使用日本气象研究所(Meteorological Research Institute,MRI)大气环流模式在20 km分辨率下的国际大气模式比较计划(Atmospheric Model Intercomparison Project,AMIP)试验结果以及A1B温室气体排放情景下(简称A1B情景)的预估试验数据,预估了青藏高原夏季(6-8月)降水的变化,并讨论了降水变化的可能原因。在A1B情景下,青藏高原夏季降水量显著增加,中心位于青藏高原东南部,主要归因于来自印度洋和孟加拉湾的西南水汽,经90°E-100°E附近进入高原的水汽输送显著增加。同时,整个青藏高原夏季强降水出现概率增加,降水频率南部减少,北部增加。高原南部(北部)降水频率的减少(增加)是因为该地区降水强度的增加速率快(慢)于降水量的增加速率。高分辨率MRI模式预估的青藏高原夏季降水变化与较低分辨率的耦合模式预估结果基本一致,但提供了更详细的局地变化信息。
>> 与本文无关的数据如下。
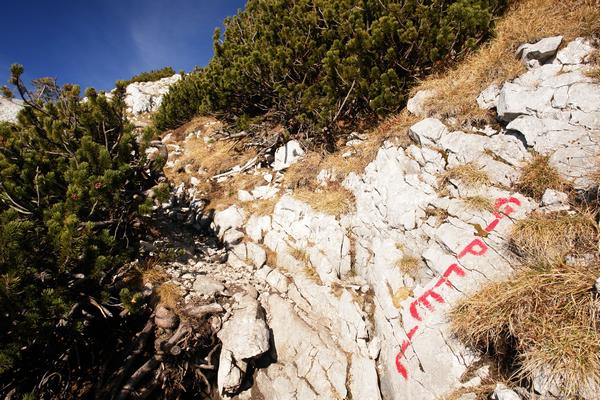 Etwa 100 Höhenmeter unter dem Gipfelkreuz erreichen wir die Weggabelung ...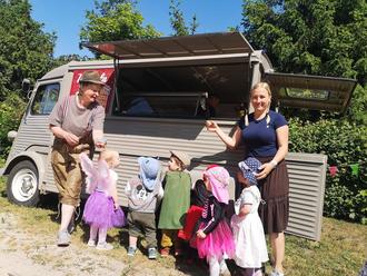 Aus Ortrand für uns angereist, wurden wir von einem Eiswagen mit leckeren Waffeln und bunter Abkühlung versorgt. So konnten die Beine von der Bank baumeln und die Gespräche wie Gedanken fließen.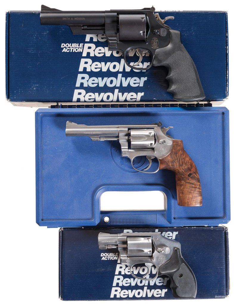 Three Smith & Wesson Double Action Revolvers -A) S&W Model 25-7 .45 Cal. Model of 1989 Revolver with Box

关键词: 青藏高原; A1B温室气体排放情景; 高分辨率模式; 降水预估

本文引用格式

冯蕾 , 周天军 . 20 km高分辨率全球模式对青藏高原夏季降水变化的预估[J]. 高原气象, 2017 , 36(3) : 587 -595 . DOI: 10.7522/j.issn.1000-0534.2016.00045

Abstract

Projection of future summer precipitation change over the Qinghai-Tibetan Plateau is studied based on AMIP (the Atmospheric Model Intercomparison Project) and the A1B scenario experiment results by a 20 km high-resolution global climate model, MRI. Under the A1B scenario, the summer precipitation would increase significantly, with the biggest increasing center over the southeastern Qinghai-Tibetan Plateau. This is might attributed to the increasing southwest water vapor transportation to the Qinghai-Tibetan Plateau from the Indian Ocean and the Bay of Bengal. The probability of summer precipitation with high intensity is projected to increase over the whole Qinghai-Tibetan Plateau. The summer precipitation frequency over the southern (northern) Qinghai-Tibetan Plateau would decrease (increase), as the increasing rate of precipitation intensity is faster (slower) than that of precipitation amount over the southern (northern) Qinghai-Tibetan Plateau. The precipitation change over the Qinghai-Tibetan Plateau projected by the high-resolution MRI model is almost consistent with coupled models with low-resolution, except for the detail information provided.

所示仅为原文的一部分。